## ACTIVITY
Set down the data below in full, exactly as it reads, but without the pictures.

[Stored records]

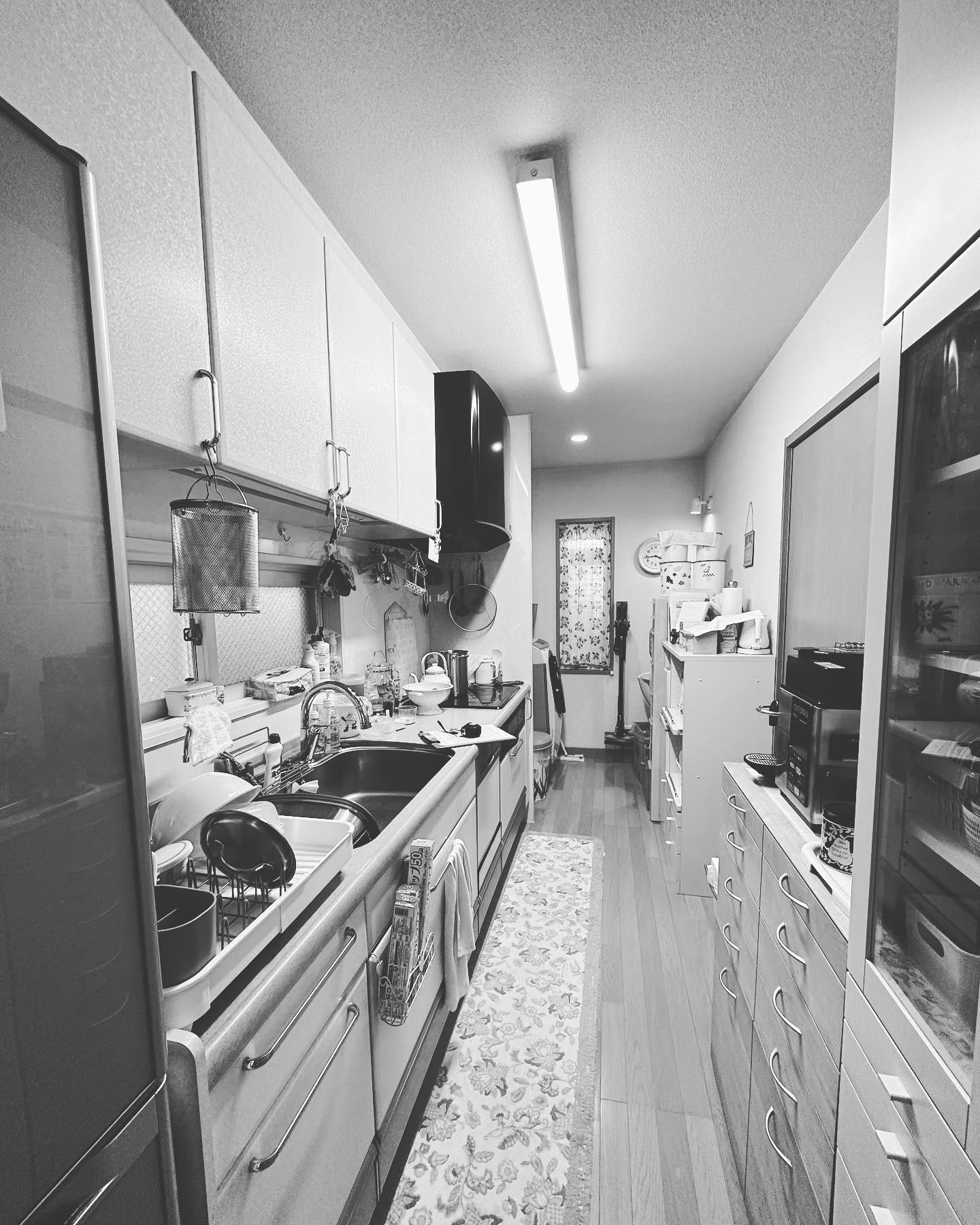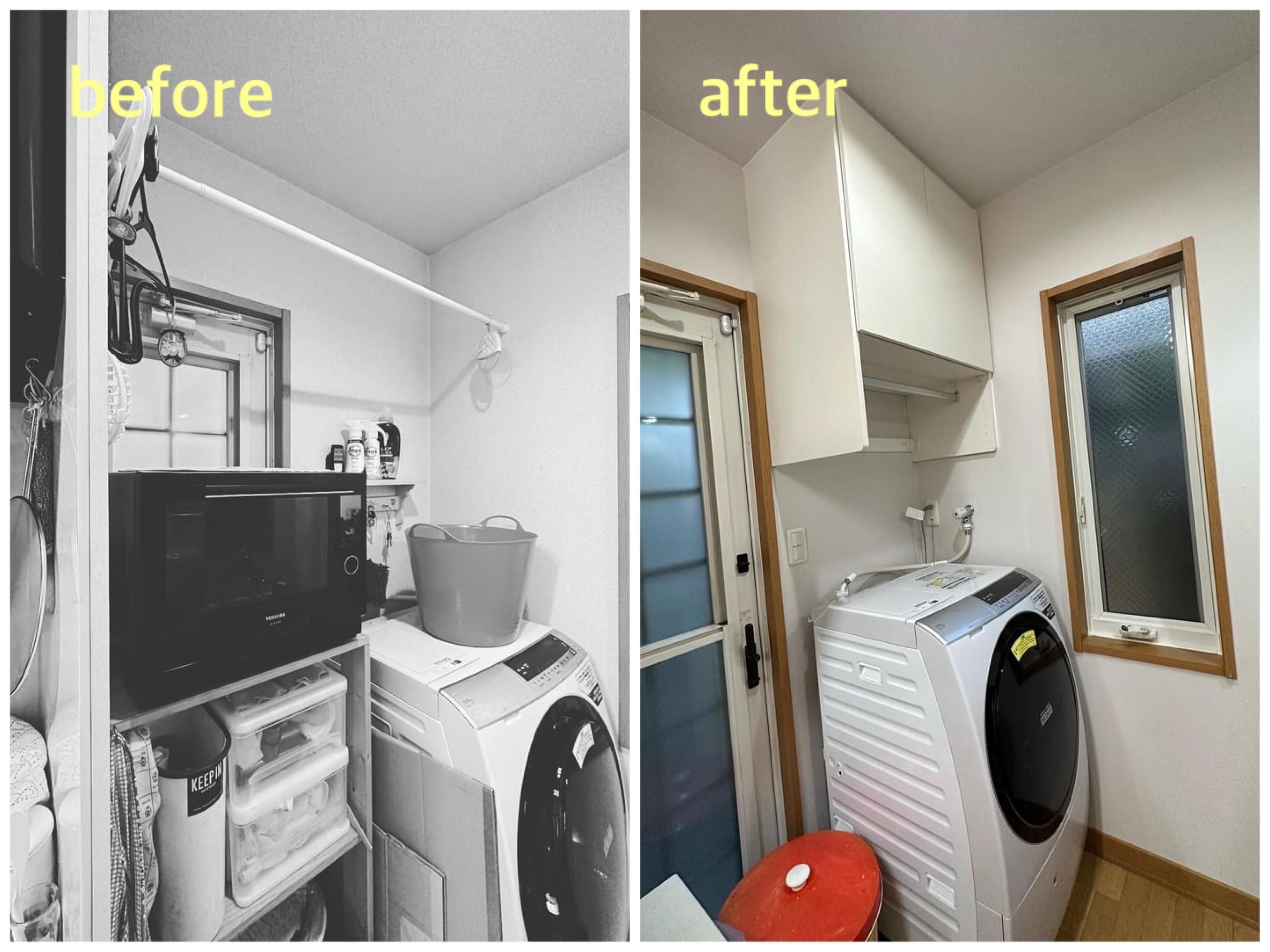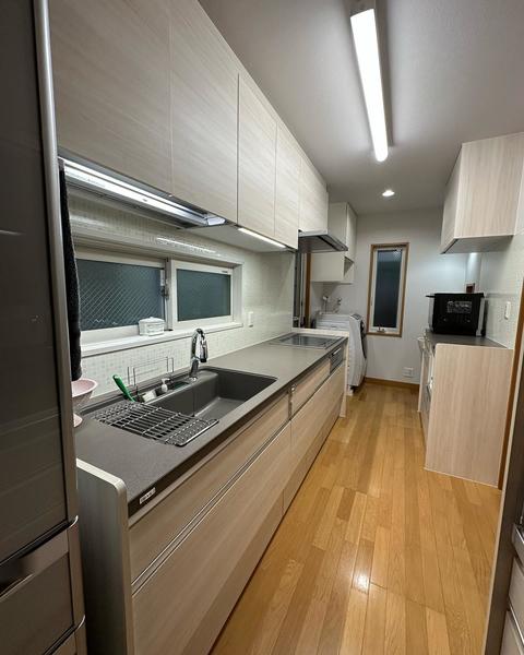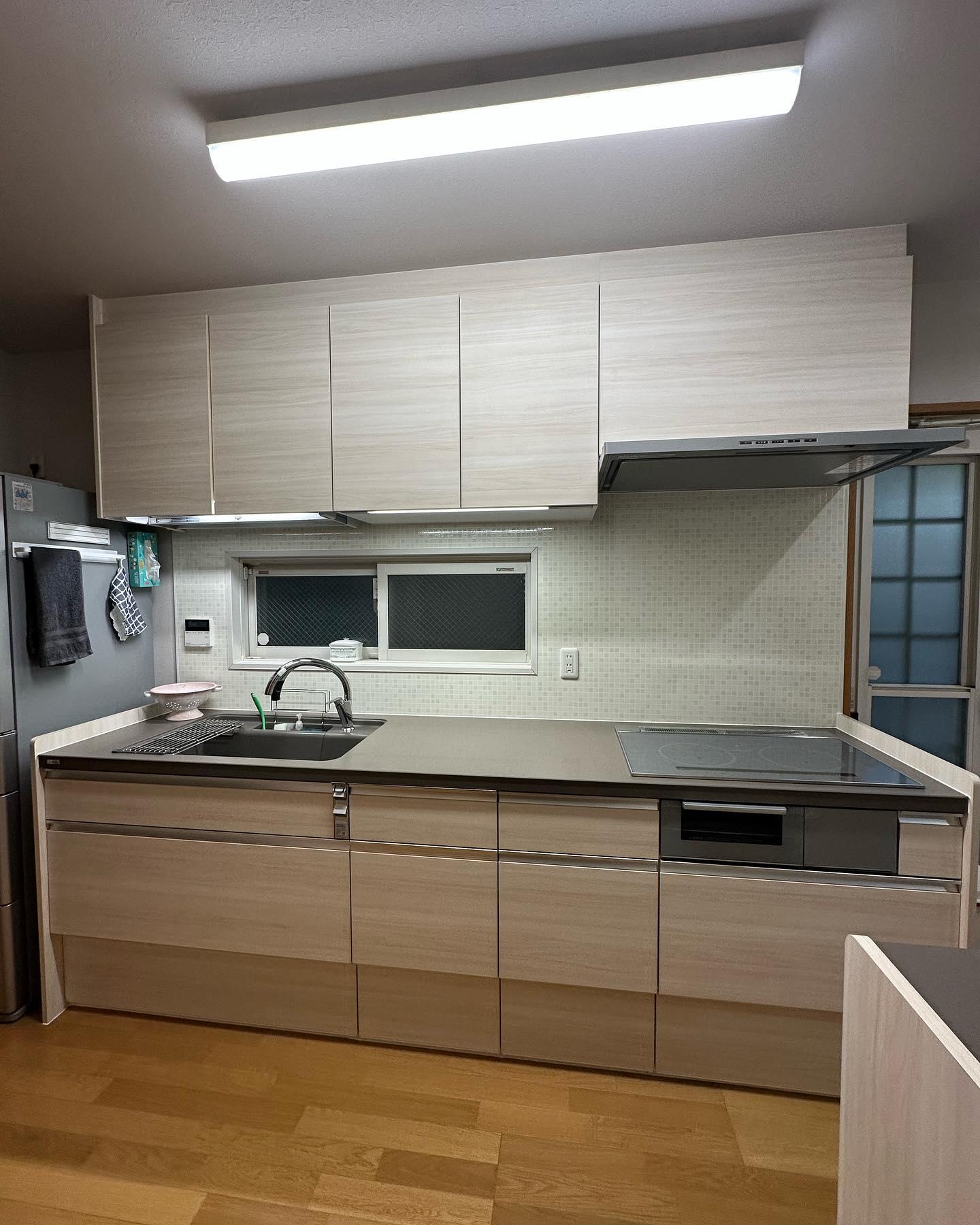 キッチン交換(LIXILリシェル)扉カラー:イタリアンウォルナット セラミックトップ、食器棚交換(LIXILリシェルカップボード) ハーフミラー引違い、家電収納と吊戸棚をプラス。 洗面所ランドリー収納(南海プライウッド)
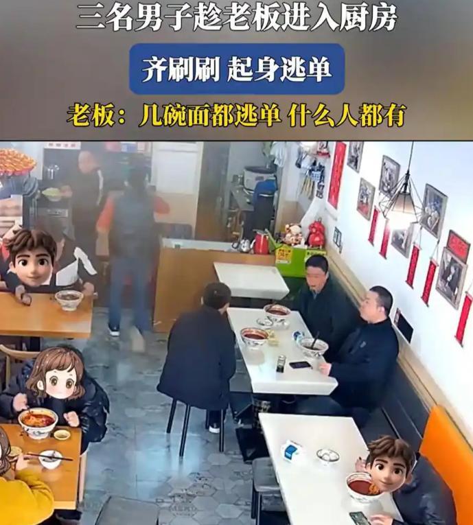 2月27號那天,店裏來了三個男的,坐下點了面,喫完了一直沒動。監控裏看得很清楚,三個人坐那也不聊天,眼神老往廚房那邊瞟。其中一個戴藍帽子的,身子繃得直直的,盯着老闆的動向。
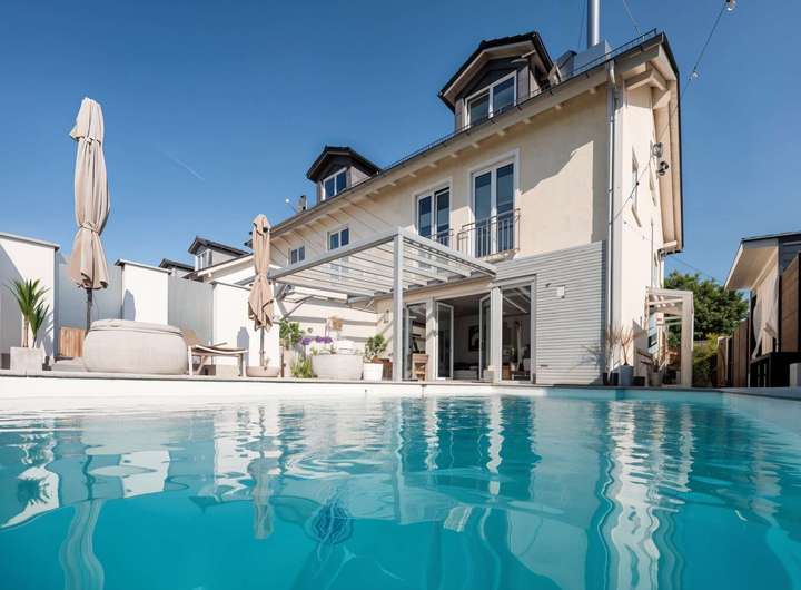 Der beheizbare Pool mit römischer Treppe und die stilvoll gestalteten Ruhebereiche verwandeln den Garten in eine private Resort-Landschaft – ein Statement für luxuriöses Wohnen.
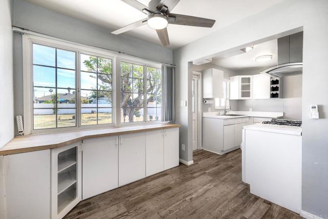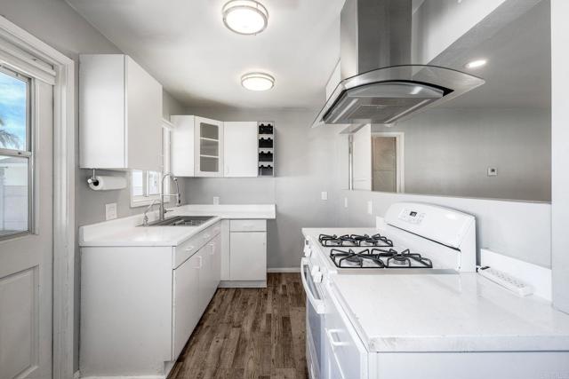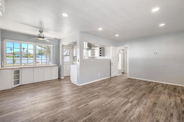 Bright and thoughtfully updated 2-bedroom, 1-bath home in the heart of Chula Vista with an open layout and clean, modern finishes throughout. The kitchen features white cabinetry, quartz-style countertops, and a gas range, flowing seamlessly into the main living space. Luxury vinyl plank flooring, recessed lighting, mini-split A/C and heat, dual-pane windows with plantation shutters, and a one-car garage with laundry hookups add everyday comfort and convenience. The spacious, fully fenced backyard with mature trees and a large patio offers flexibility for relaxing, entertaining, gardening, or exploring future possibilities. Conveniently located near schools, shopping, dining, and freeway access.
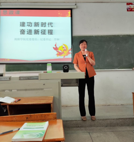 砥砺前行开新局,奋楫扬帆再出发。为进一步深入学习贯彻党的十九届六中全会精神,引导全校师生把思想和行动统一到全会精神上来,按照教育部、省教育厅有关要求,5月10日上午,学校党委委员、纪委书记苏娴以《建功新时代,奋进新征程》为题在教学楼C505教室为2021级商务英语专业学生上了一堂深刻而生动的思政课。
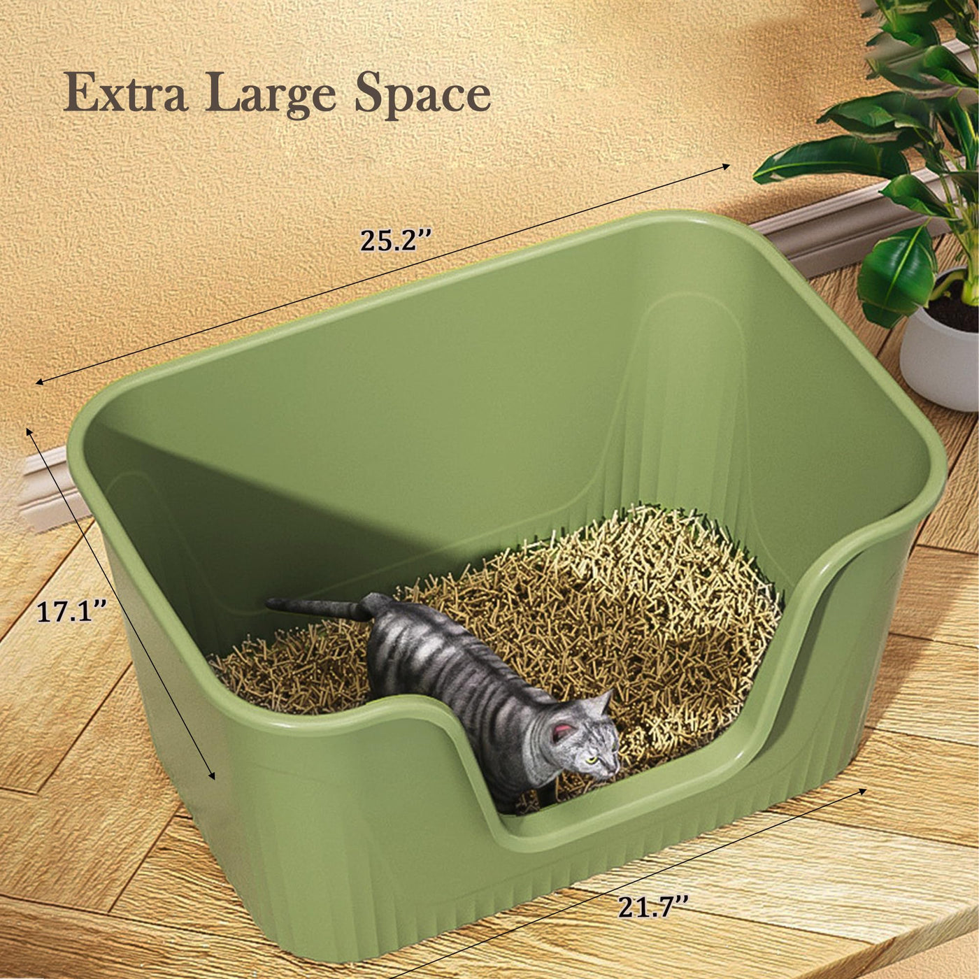 Vealind High Sided Large Cat Litter Box with for Indoor Cats XL Cat Litter Tray for Big Cats or Multi-Cats Household (25''*17''* 13'' Green)
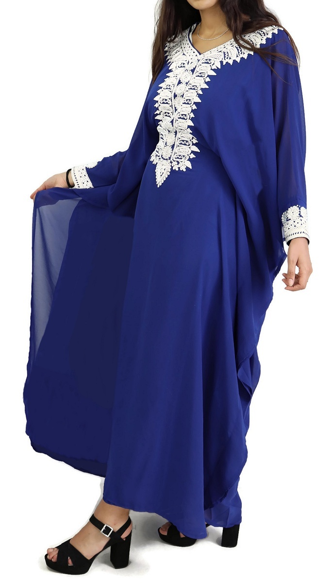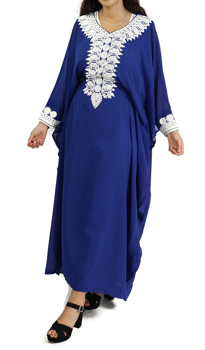 Robe tunisienne manches courtes avec broderies - Couleur Bleu roi - REF. 36062 (26.00 €)
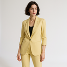 • Coupe féminine : Blazer cintré et pantalon à pinces pour une allure élégante
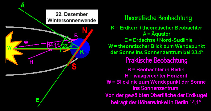 theoretischen Beobachter an, der vom Mittelpunkt der Erde zum Mittelpunkt der Sonne blickt, so liegt der Wintersonnenwendepunkt bei annähernd 23,4°.
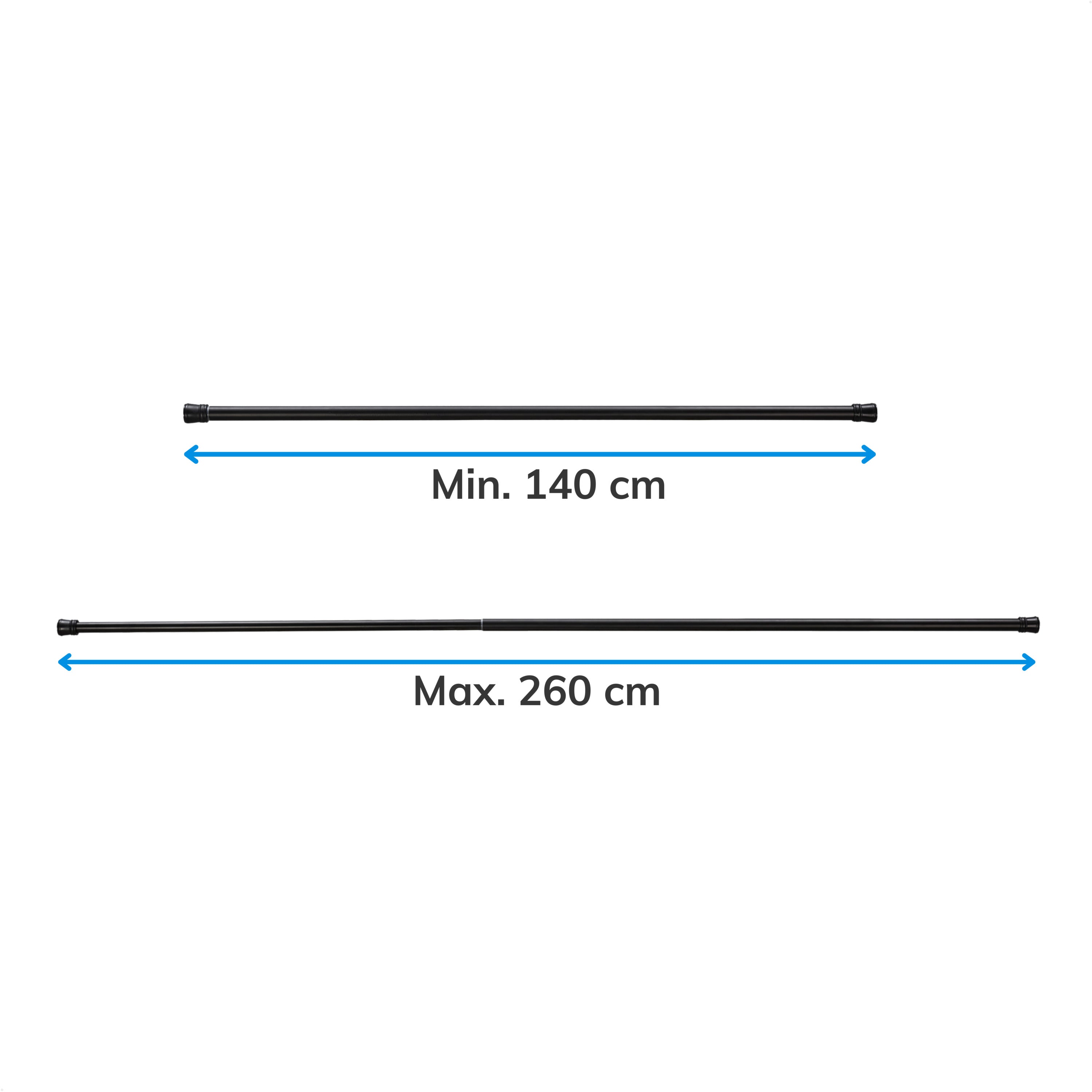 Wil je jouw douchegordijn ophangen aan een douchestang?Deze stang van ACAZA kan je uitschuiven van 140 tot 260 cm. De douchestang kan je gemakkelijk klemmen tussen de douchewanden zonder dat je in de muur hoeft te boren.Specificaties:- Merk: ACAZA- Kleur: zwart- Lengte: 140 tot 260 cm- Diameter : 22-25 mm (standaardmaat; geschikt voor quasi alle douchegordijnen)- Inclusief duidelijke handleiding

## REPLY
 キッチン交換(LIXILリシェル)扉カラー:イタリアンウォルナット セラミックトップ、食器棚交換(LIXILリシェルカップボード) ハーフミラー引違い、家電収納と吊戸棚をプラス。 洗面所ランドリー収納(南海プライウッド)
 2月27號那天,店裏來了三個男的,坐下點了面,喫完了一直沒動。監控裏看得很清楚,三個人坐那也不聊天,眼神老往廚房那邊瞟。其中一個戴藍帽子的,身子繃得直直的,盯着老闆的動向。
 Der beheizbare Pool mit römischer Treppe und die stilvoll gestalteten Ruhebereiche verwandeln den Garten in eine private Resort-Landschaft – ein Statement für luxuriöses Wohnen.
 Bright and thoughtfully updated 2-bedroom, 1-bath home in the heart of Chula Vista with an open layout and clean, modern finishes throughout. The kitchen features white cabinetry, quartz-style countertops, and a gas range, flowing seamlessly into the main living space. Luxury vinyl plank flooring, recessed lighting, mini-split A/C and heat, dual-pane windows with plantation shutters, and a one-car garage with laundry hookups add everyday comfort and convenience. The spacious, fully fenced backyard with mature trees and a large patio offers flexibility for relaxing, entertaining, gardening, or exploring future possibilities. Conveniently located near schools, shopping, dining, and freeway access.
 砥砺前行开新局,奋楫扬帆再出发。为进一步深入学习贯彻党的十九届六中全会精神,引导全校师生把思想和行动统一到全会精神上来,按照教育部、省教育厅有关要求,5月10日上午,学校党委委员、纪委书记苏娴以《建功新时代,奋进新征程》为题在教学楼C505教室为2021级商务英语专业学生上了一堂深刻而生动的思政课。
 Vealind High Sided Large Cat Litter Box with for Indoor Cats XL Cat Litter Tray for Big Cats or Multi-Cats Household (25''*17''* 13'' Green)
 Robe tunisienne manches courtes avec broderies - Couleur Bleu roi - REF. 36062 (26.00 €)
 • Coupe féminine : Blazer cintré et pantalon à pinces pour une allure élégante
 theoretischen Beobachter an, der vom Mittelpunkt der Erde zum Mittelpunkt der Sonne blickt, so liegt der Wintersonnenwendepunkt bei annähernd 23,4°.
 Wil je jouw douchegordijn ophangen aan een douchestang?Deze stang van ACAZA kan je uitschuiven van 140 tot 260 cm. De douchestang kan je gemakkelijk klemmen tussen de douchewanden zonder dat je in de muur hoeft te boren.Specificaties:- Merk: ACAZA- Kleur: zwart- Lengte: 140 tot 260 cm- Diameter : 22-25 mm (standaardmaat; geschikt voor quasi alle douchegordijnen)- Inclusief duidelijke handleiding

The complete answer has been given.